• **TASK TO CARRY OUT**
Reproduce the lines below exactly. Skip images.

• **INFORMATION SUPPLIED**
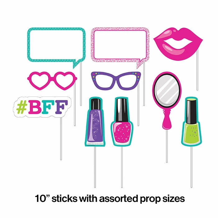 Details: Lights, camera, action! Use these Sparkle Spa Party Photo Booth Props to create fun scenes for pictures. These props come in assorted sizes and include things like glasses, lips, makeup accessories, a mirror and a couple of speech balloons that you can write on. These props can be used with any of our Sparkle Spa Party party supplies. With discount pricing, our Sparkle Spa Party Photo Booth Props are perfect for event planners, caterers, and home hostesses alike. For this price, you get one package containing (10) Sparkle Spa Party Photo Booth Props.
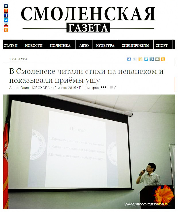 研讨会主要目的为加强多方合作和促进青年组织、高校学生的经验交流,发展俄罗斯同其他国家的互信合作。在斯摩棱斯克国立大学留学的浙江大学外语学院俄语所13级研究生李昊天参加该会议,并作为中国代表团代表以《中国在独联体地区的国际形象》为题作大会发言。李昊天同学结合前期的调查和现有的学术观点,以数据和事实为依托,逐一对中国的国际形象做分析,解释了一些容易被独联体国家民众所误解的现象。发言过程中语言幽默,图文并茂,现场笑声与掌声不断,得到了与会师生的一致好评。会后被主办方大会表彰并授予奖状、奖品,并接受《斯摩棱斯克报》采访。
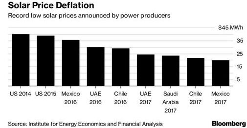 根據(jù)數(shù)據(jù),IEEFA表示,2017年全球新增太陽能裝機98吉瓦,中國占53吉瓦。同時,發(fā)電資產(chǎn)使用期間的單位電力成本同比下降15%,至86美元/兆瓦時。

• **ANSWER TO THE EXERCISE**
 Details: Lights, camera, action! Use these Sparkle Spa Party Photo Booth Props to create fun scenes for pictures. These props come in assorted sizes and include things like glasses, lips, makeup accessories, a mirror and a couple of speech balloons that you can write on. These props can be used with any of our Sparkle Spa Party party supplies. With discount pricing, our Sparkle Spa Party Photo Booth Props are perfect for event planners, caterers, and home hostesses alike. For this price, you get one package containing (10) Sparkle Spa Party Photo Booth Props.
 研讨会主要目的为加强多方合作和促进青年组织、高校学生的经验交流,发展俄罗斯同其他国家的互信合作。在斯摩棱斯克国立大学留学的浙江大学外语学院俄语所13级研究生李昊天参加该会议,并作为中国代表团代表以《中国在独联体地区的国际形象》为题作大会发言。李昊天同学结合前期的调查和现有的学术观点,以数据和事实为依托,逐一对中国的国际形象做分析,解释了一些容易被独联体国家民众所误解的现象。发言过程中语言幽默,图文并茂,现场笑声与掌声不断,得到了与会师生的一致好评。会后被主办方大会表彰并授予奖状、奖品,并接受《斯摩棱斯克报》采访。
 根據(jù)數(shù)據(jù),IEEFA表示,2017年全球新增太陽能裝機98吉瓦,中國占53吉瓦。同時,發(fā)電資產(chǎn)使用期間的單位電力成本同比下降15%,至86美元/兆瓦時。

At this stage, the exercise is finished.